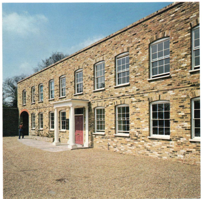
Det nyoprettede datterselskab i England. The recently established subsidiary in the U.K.
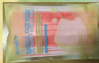
上圖為1小包(每盒有3小包)
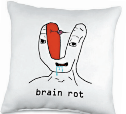
●商店為「Brain Rot」推出產品。網上圖片

牛津大學出版社詞典部門總裁格拉斯沃爾表示，它的流行反映社媒推動語言變化的速度驚人。
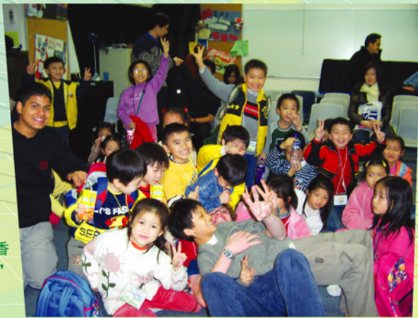
律師義工帶領學生參觀香港李寶椿聯合世界書院，於校園內留影
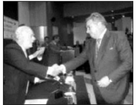
El director comercial de Martínez Barragán recoge el premio.

La empresa mantiene un fuerte movimiento de exportación y está presente no sólo con una planta y un secadero de jamones en Chile, sino que su actividad comercial se extiende por diversos países de Europa, como Alemania, Bélgica o Italia, y su mercado en expansión abarca
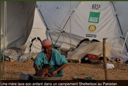
Une mère lave son enfant dans un campement ShelterBox au Pakistan

Ces pluies de la mousson ont été les plus fortes de mémoire d'homme, et elles ont causé des inondations d'une ampleur sans précédent affectant directement 20 millions de personnes.
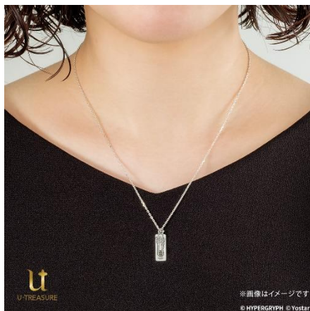
シルバー925 着用イメージ
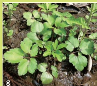
ケキツネノボタン(キンボウゲ科)有毒。草のにおい。
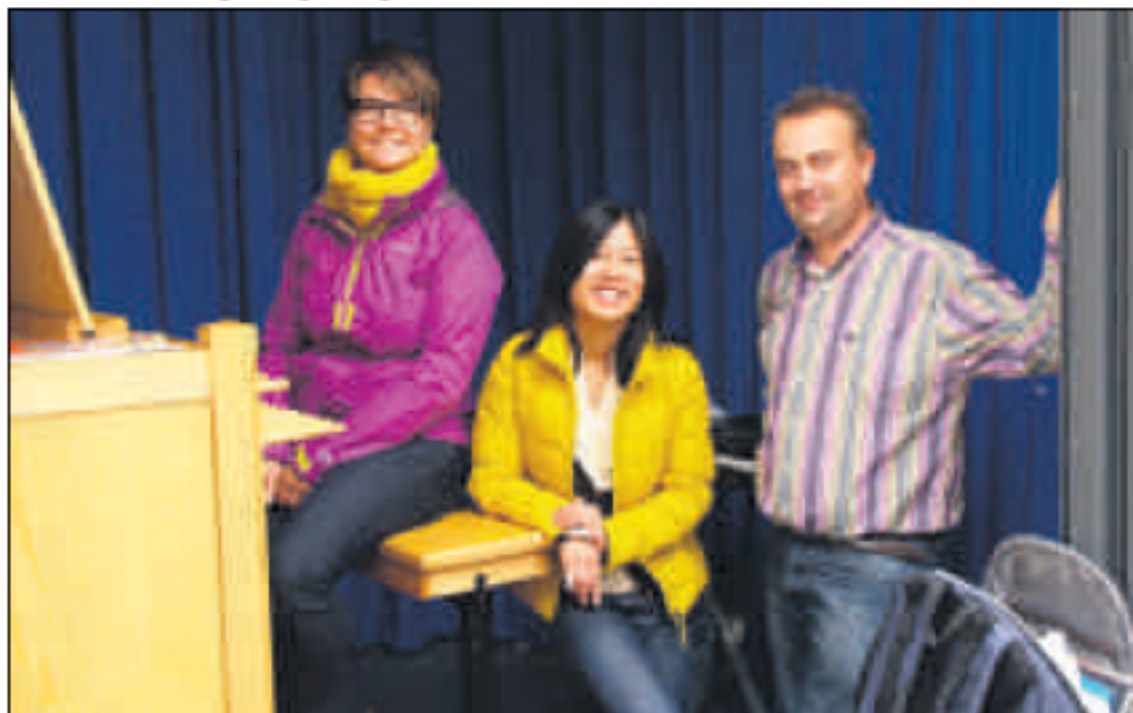
De drie beiaardiers.
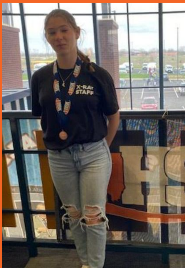
SKILLS USA en la competición estatal
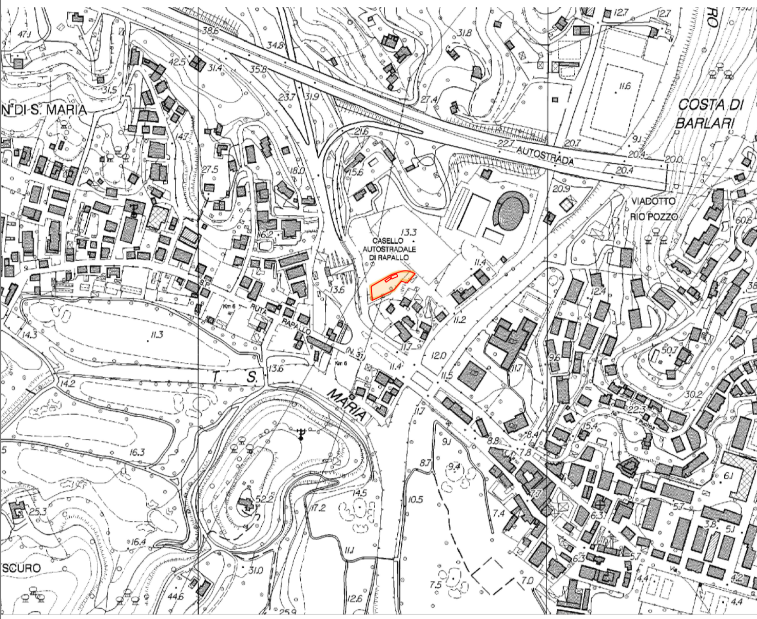
INDIVIDUAZIONE DEL SITO SU CARTA BASE REGIONALE - Scala 1:5.000

- Goal of the exercise -
Each line above with the word "comercial" needs to be copied.

- Result for this exercise -
El director comercial de Martínez Barragán recoge el premio.
La empresa mantiene un fuerte movimiento de exportación y está presente no sólo con una planta y un secadero de jamones en Chile, sino que su actividad comercial se extiende por diversos países de Europa, como Alemania, Bélgica o Italia, y su mercado en expansión abarca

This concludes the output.